AUTHOR=Luo Huimin , Zhu Chunli , Wang Jianlin , Zhang Ge , Luo Junwei , Yan Chaokun TITLE=Prediction of drug–disease associations based on reinforcement symmetric metric learning and graph convolution network JOURNAL=Frontiers in Pharmacology VOLUME=15 YEAR=2024 URL=https://www.frontiersin.org/journals/pharmacology/articles/10.3389/fphar.2024.1337764 DOI=10.3389/fphar.2024.1337764 ISSN=1663-9812 ABSTRACT=

Accurately identifying novel indications for drugs is crucial in drug research and discovery. Traditional drug discovery is costly and time-consuming. Computational drug repositioning can provide an effective strategy for discovering potential drug-disease associations. However, the known experimentally verified drug-disease associations is relatively sparse, which may affect the prediction performance of the computational drug repositioning methods.
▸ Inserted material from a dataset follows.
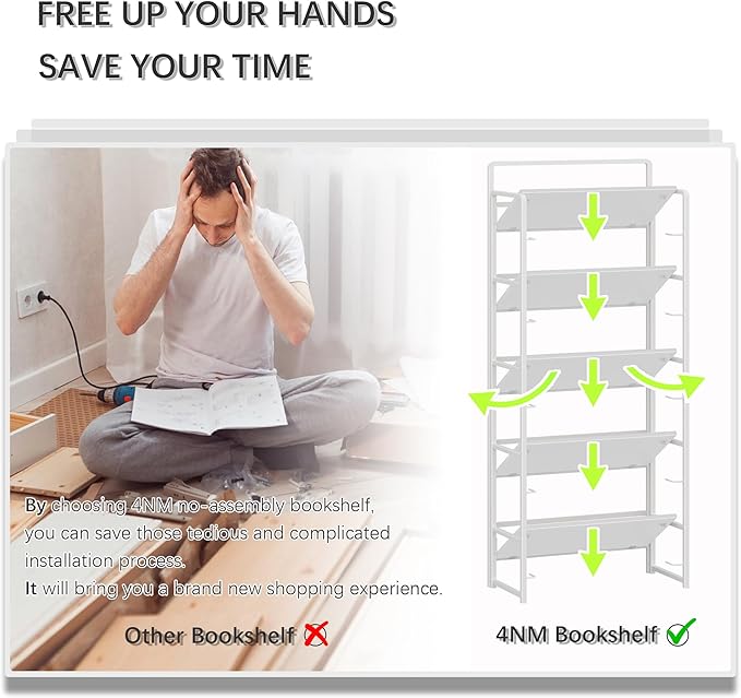 - 【No Tools Are Needed Bookshelf 】No screws need to be installed, and you can say goodbye to complicated installation steps. The foldable design without installation makes it possible for you to completely free your hands. You can unfold and fold up the bookshelf in just 30 seconds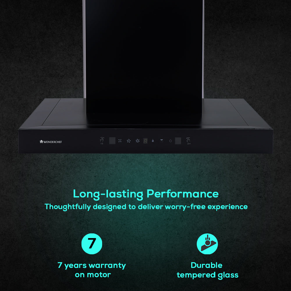 Wonderchef chimneys use tempered glass for your safety and long-lasting performance of the chimney.

Moreover, while the existing drug-disease prediction method based on metric learning algorithm has achieved better performance, it simply learns features of drugs and diseases only from the drug-centered perspective, and cannot comprehensively model the latent features of drugs and diseases. In this study, we propose a novel drug repositioning method named RSML-GCN, which applies graph convolutional network and reinforcement symmetric metric learning to predict potential drug-disease associations. RSML-GCN first constructs a drug–disease heterogeneous network by integrating the association and feature information of drugs and diseases. Then, the graph convolutional network (GCN) is applied to complement the drug–disease association information. Finally, reinforcement symmetric metric learning with adaptive margin is designed to learn the latent vector representation of drugs and diseases. Based on the learned latent vector representation, the novel drug–disease associations can be identified by the metric function. Comprehensive experiments on benchmark datasets demonstrated the superior prediction performance of RSML-GCN for drug repositioning.